◆ **Provided material**
*** Begin section ***
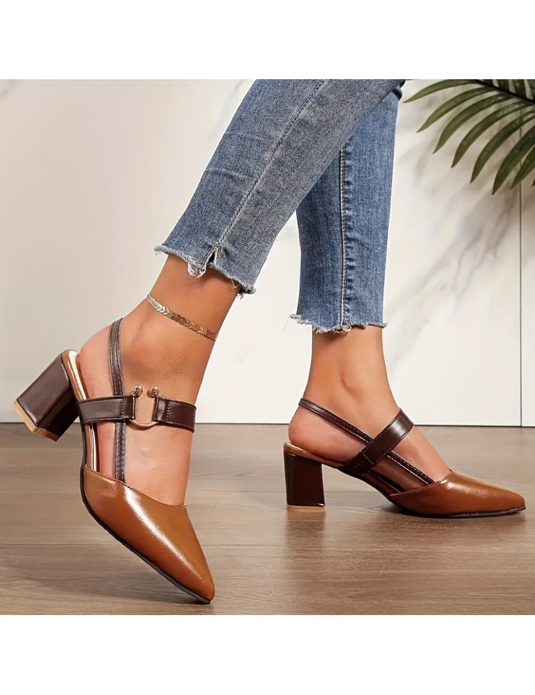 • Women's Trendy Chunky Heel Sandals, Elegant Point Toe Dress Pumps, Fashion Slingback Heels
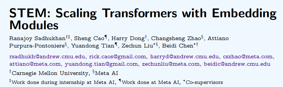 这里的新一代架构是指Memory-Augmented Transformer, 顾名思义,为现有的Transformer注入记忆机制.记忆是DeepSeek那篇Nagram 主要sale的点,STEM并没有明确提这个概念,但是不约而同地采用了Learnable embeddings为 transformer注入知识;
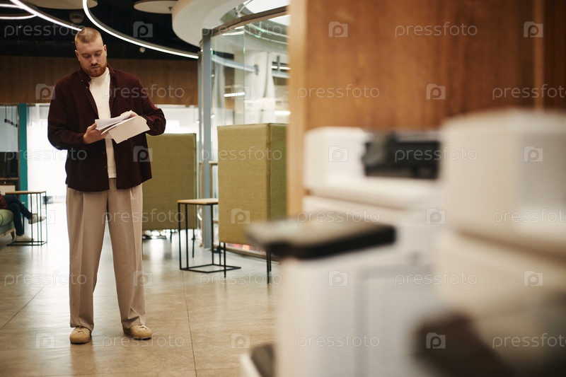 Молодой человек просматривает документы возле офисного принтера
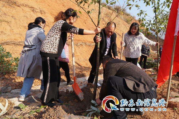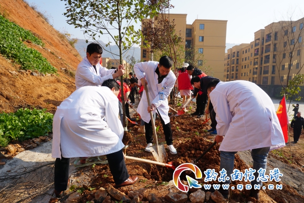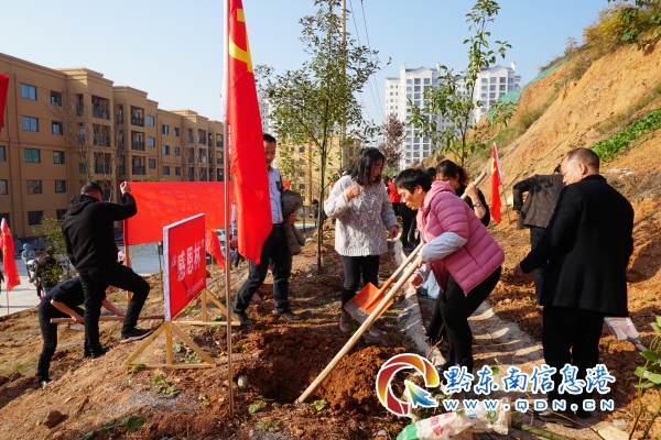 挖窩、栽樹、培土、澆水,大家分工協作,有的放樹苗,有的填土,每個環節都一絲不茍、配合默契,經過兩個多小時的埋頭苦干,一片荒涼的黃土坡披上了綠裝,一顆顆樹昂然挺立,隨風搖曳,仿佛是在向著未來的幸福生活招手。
*** End section ***
◆ **Work required**
When you copy the data, keep every line exact and drop the pictures.

◆ **Answer space**
 • Women's Trendy Chunky Heel Sandals, Elegant Point Toe Dress Pumps, Fashion Slingback Heels
 这里的新一代架构是指Memory-Augmented Transformer, 顾名思义,为现有的Transformer注入记忆机制.记忆是DeepSeek那篇Nagram 主要sale的点,STEM并没有明确提这个概念,但是不约而同地采用了Learnable embeddings为 transformer注入知识;
 Молодой человек просматривает документы возле офисного принтера
 挖窩、栽樹、培土、澆水,大家分工協作,有的放樹苗,有的填土,每個環節都一絲不茍、配合默契,經過兩個多小時的埋頭苦干,一片荒涼的黃土坡披上了綠裝,一顆顆樹昂然挺立,隨風搖曳,仿佛是在向著未來的幸福生活招手。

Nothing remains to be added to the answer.